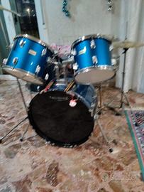 vendo batteria per adulti,completa di accessori,sgabello ,ciak,piatti del diametro di 40 e 35c.m,di colore blu elettrico poco usata.prezzo trattabile.
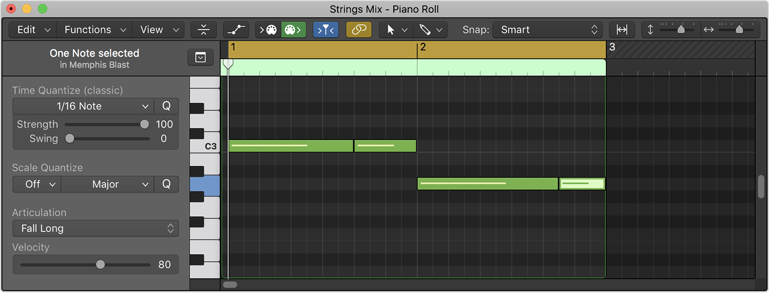 Вы можете создать плавное глиссандо вниз или вверх с помощью Piano Roll (Клавишный редактор). Чтобы загрузить артикуляционный набор, сначала выберите патч для инструментов серии Studio, используя библиотеку Library. В редакторе Piano Roll добавьте вторую ноту с той же самой высотой тона непосредственно после любой ноты. Выделите вторую ноту в редакторе, затем выберите Fall Short (Короткое глиссандо вниз), Fall Medium (Среднее глиссандо вниз) или Fall Long (Долгое глиссандо вниз) или Doit (Глиссандо вверх) во всплывающем меню Articulation (Артикуляция). Разрыв между этими двумя нотами должен быть минимальным.
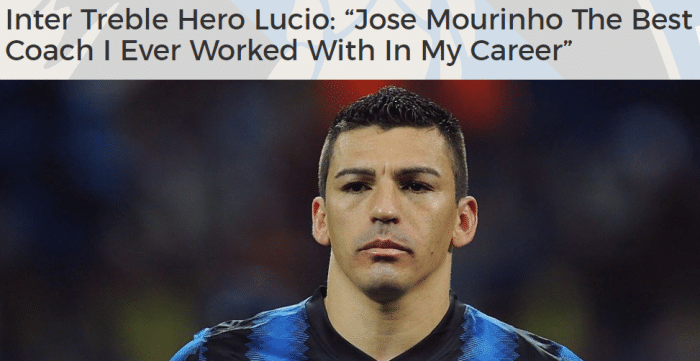 卢西奥曾与穆里尼奥一起在国米赢得三冠王,谈及这位教练,卢西奥说道:“穆里尼奥对我来说非常重要,他是一个能够激发出每一个人最好一面的激励者。”

■ What the task requires
Without changing a word, retype the data above and omit its pictures.

■ Exercise result
 vendo batteria per adulti,completa di accessori,sgabello ,ciak,piatti del diametro di 40 e 35c.m,di colore blu elettrico poco usata.prezzo trattabile.
 Вы можете создать плавное глиссандо вниз или вверх с помощью Piano Roll (Клавишный редактор). Чтобы загрузить артикуляционный набор, сначала выберите патч для инструментов серии Studio, используя библиотеку Library. В редакторе Piano Roll добавьте вторую ноту с той же самой высотой тона непосредственно после любой ноты. Выделите вторую ноту в редакторе, затем выберите Fall Short (Короткое глиссандо вниз), Fall Medium (Среднее глиссандо вниз) или Fall Long (Долгое глиссандо вниз) или Doit (Глиссандо вверх) во всплывающем меню Articulation (Артикуляция). Разрыв между этими двумя нотами должен быть минимальным.
 卢西奥曾与穆里尼奥一起在国米赢得三冠王,谈及这位教练,卢西奥说道:“穆里尼奥对我来说非常重要,他是一个能够激发出每一个人最好一面的激励者。”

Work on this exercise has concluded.